▸ What you have to do
Print only the lines below from the one with "流動相梯度:初始80%A,20%A(0 min~2 min),20%A(2" to the one with "South Rainbow Valley", both included, exactly as they stand. Leave pictures out.

[Collected data]
---
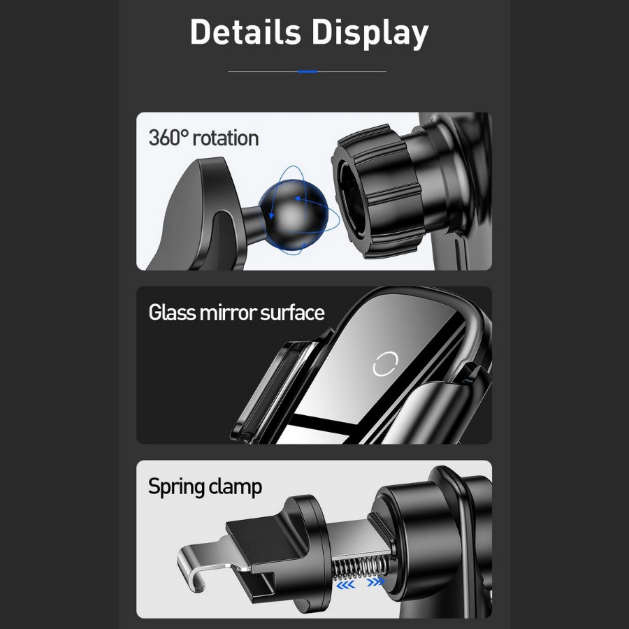 - Giới thiệu Bộ đế giữ điện thoại dùng trên xe hơi Baseus Light Electric Holder Wireless Charger 15W Bộ đế giữ điện thoại dùng cho xe hơi Baseus Light Electric Holder, được tích hợp tính năng sạc nhanh không dây công suất cao 15W và khả năng tự động nhận diện thiết bị bằng cảm biến (Sensor) . Bộ đế giữ điện thoại tích hợp sạc nhanh không dây Baseus Light Electric Holder được thiết kế thông minh, có thể gắn trên táp lô hoặc cửa gió thật sự là một phụ kiện đẳng cấp và hữu ích dành cho chiếc xe hơi của bạn
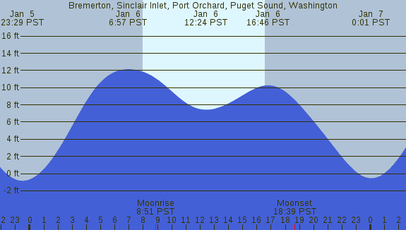 Tidal Heights at Bremerton, Sinclair Inlet, Port Orchard, Puget Sound, Washington
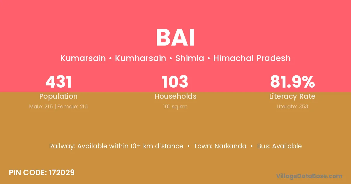 The literacy rate of Bai village is 58.55%. Male literacy stands at 71.45% and female literacy at 44.22%.
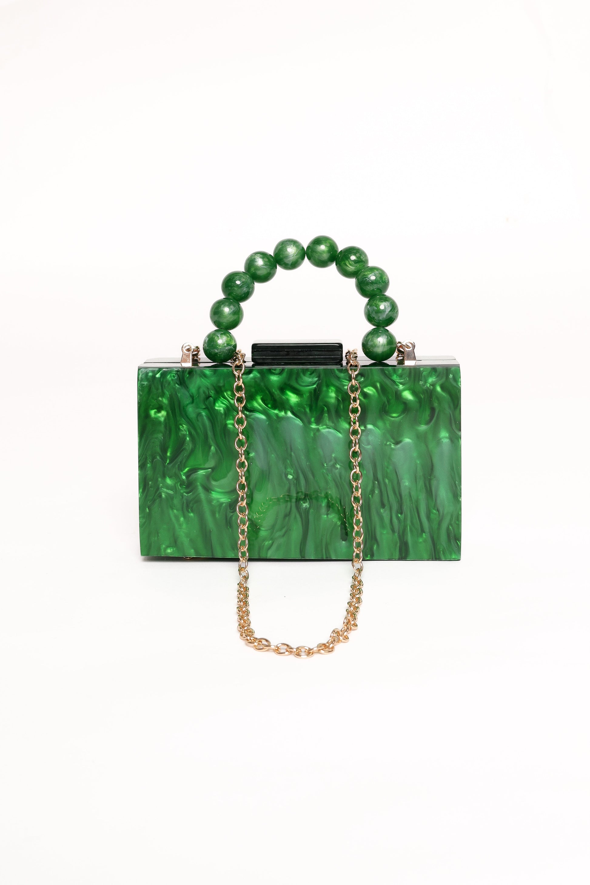 | DETAILS Introducing the Greta Bag in Emerald Green—a statement piece that effortlessly elevates any outfit. Its striking rectangular design and luxurious marble green hue make it a must-have for the fashion-forward individual. The beaded top handle adds a touch of elegance, while the magnetic closure ensures your essentials are secure yet easily accessible.
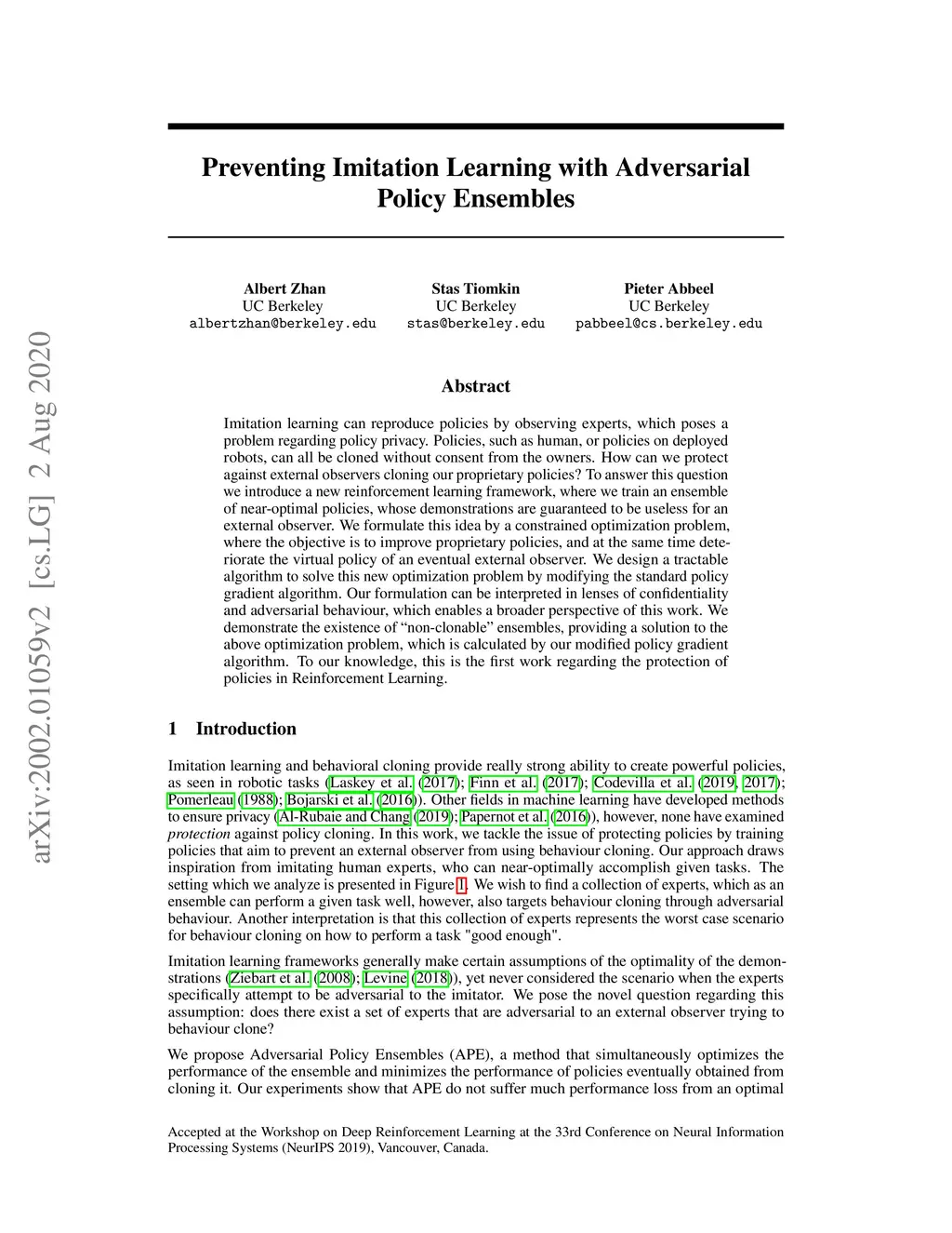 Preventing Imitation Learning with Adversarial Policy Ensembles
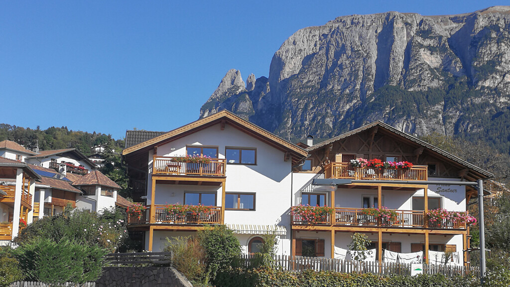 A cinque minuti a piedi a est del centro di Fiè allo Sciliar si trova, rivolta verso lo Sciliar, Casa Santner. Chi decide di trascorrere una vacanza qui non approfitta solo dei pregi della zona escursionistica senza eguali dell'Alpe di Siusi; dietro l'angolo ci sono infatti anche negozi, ristoranti e addirittura varie fermate dell'autobus che conducono all'area escursionistica e fino a Bolzano. Sotto il pergolato di vite ci si può abbandonare al riposo nello splendido giardino e ammirare il panorama sullo Sciliar, sulla Punta Santner, sulla Punta Euringer, sul Dorsale del Maglio, sul centro del paese e su Renon.
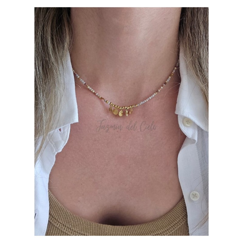 Collar en micro piedras naturales tonos tierra de Jaspe con separadores centrales y mini dijes redondos en acero inoxidable dorados.
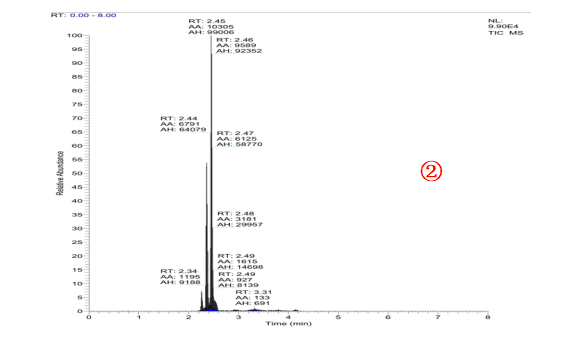 流動相梯度:初始80%A,20%A(0 min~2 min),20%A(2 min~3 min),80%A(3 min~3.1min),80%A(3.1min~5min)
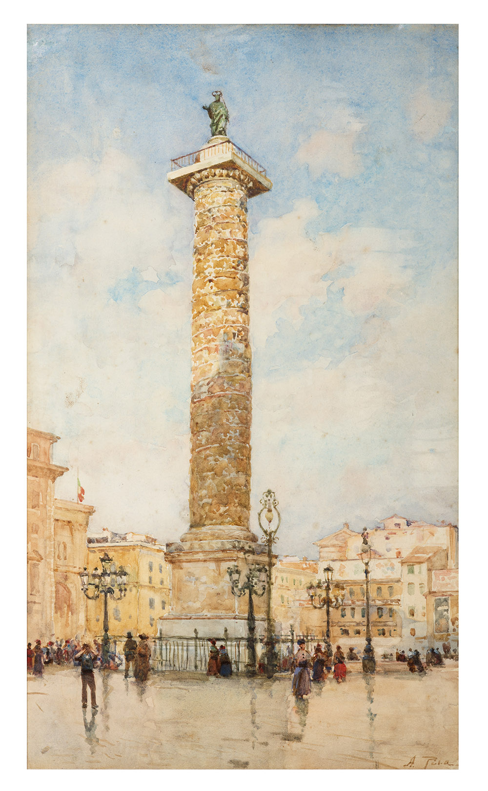ALBERTO PISA, Ferrara 1864 - Firenze 1930, Piazza Colonna a Roma, Acquerello su carta cm 21 x 35, Firma in basso a destra
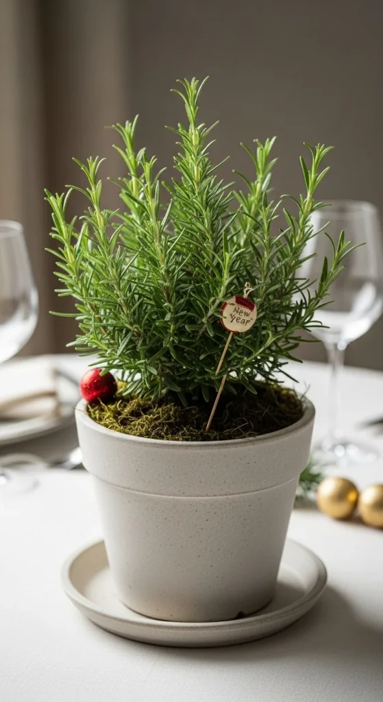 Make rosemary the star of your New Year table by placing it in a decorative pot. Add small ornaments or natural elements like pinecones around the base. Keep everything light so the rosemary stays the main feature. After the season, move the plant outdoors for ongoing use.
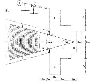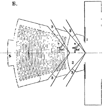 Схема размещения двух (а), трех (б), пяти (в) за экранных громкоговорителей.
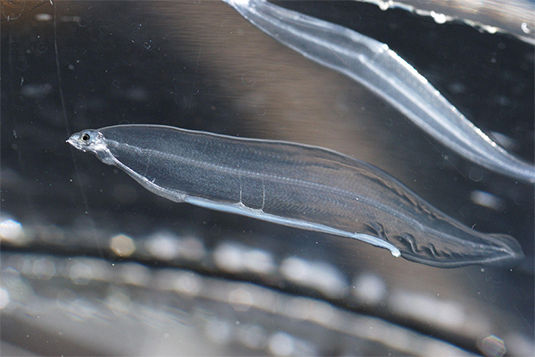 実はウナギに近いアナゴやカライワシ、ハモ、ウツボの幼生は一括して「レプトセファルス」と呼ばれ、すべて透明体なのです。
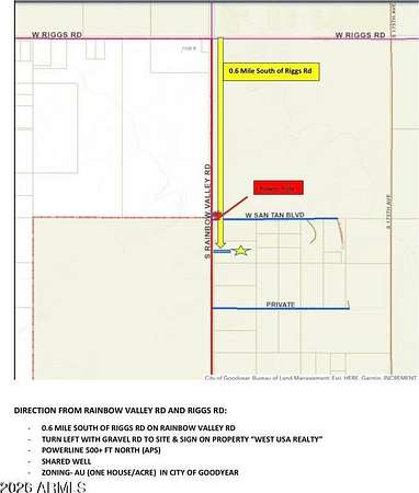 South Rainbow Valley Rd to Riggs Rd, continue on Rainbow Valley Rd about 0.6 Mile to Subject Property on the Left to Lot #3
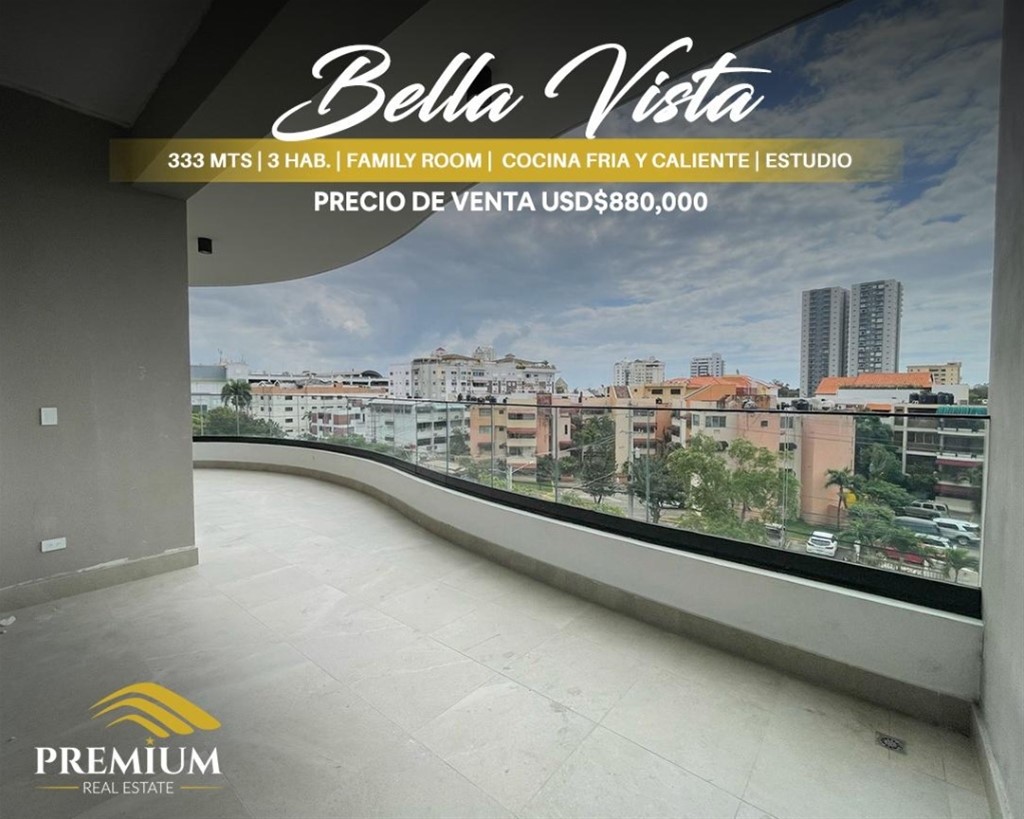 Un proyecto de lujo ubicado en el exclusivo sector de Bella Vista. Ofrece 3 tipos de apartamentos de 3 Habitaciones, cada una con baño y Walk-in Closet, amplia cocina modular fría, cocina caliente, sala, estar familiar, comedor, baño de visitas, amplio balcón, cuarto de servicio y área de lavado. Tipo A: Piso 3, 333 metros, US$880,000 • Amplio Lobby Principal • Salón Multiuso con bar • Salón para actividades con kitchenette y bar • Piscina para adultos • Piscina para niños • Gimnasio Equipado • Área de niños • Área de BBQ con kitchenette y bar • Baños para damas y caballeros con sauna • Gas Común • 2 Ascensores de lujo • 1 Ascensor de servicio ......................................................... • 3 Hab. Con baño y Walk-in Closet • Vestíbulo de Entrada • Medio baño para visitas • Estar • Sala • Comedor • Estudio • Family Room • Balcón - Terraza • Cocina fría y Caliente • Closet de Ropa Blanca • Área de Lavado • Cuarto de servicio con su baño • Locker • 4 Parqueos ......................................... LISTO PARA ENTREGA Haydée López Agente Inmobiliario Premium Real Estate Cel. 829-875-9881 Instagram: @haydeelopezpremium
---
▸ Solution to the exercise
 流動相梯度:初始80%A,20%A(0 min~2 min),20%A(2 min~3 min),80%A(3 min~3.1min),80%A(3.1min~5min)
ALBERTO PISA, Ferrara 1864 - Firenze 1930, Piazza Colonna a Roma, Acquerello su carta cm 21 x 35, Firma in basso a destra
 Make rosemary the star of your New Year table by placing it in a decorative pot. Add small ornaments or natural elements like pinecones around the base. Keep everything light so the rosemary stays the main feature. After the season, move the plant outdoors for ongoing use.
 Схема размещения двух (а), трех (б), пяти (в) за экранных громкоговорителей.
 実はウナギに近いアナゴやカライワシ、ハモ、ウツボの幼生は一括して「レプトセファルス」と呼ばれ、すべて透明体なのです。
 South Rainbow Valley Rd to Riggs Rd, continue on Rainbow Valley Rd about 0.6 Mile to Subject Property on the Left to Lot #3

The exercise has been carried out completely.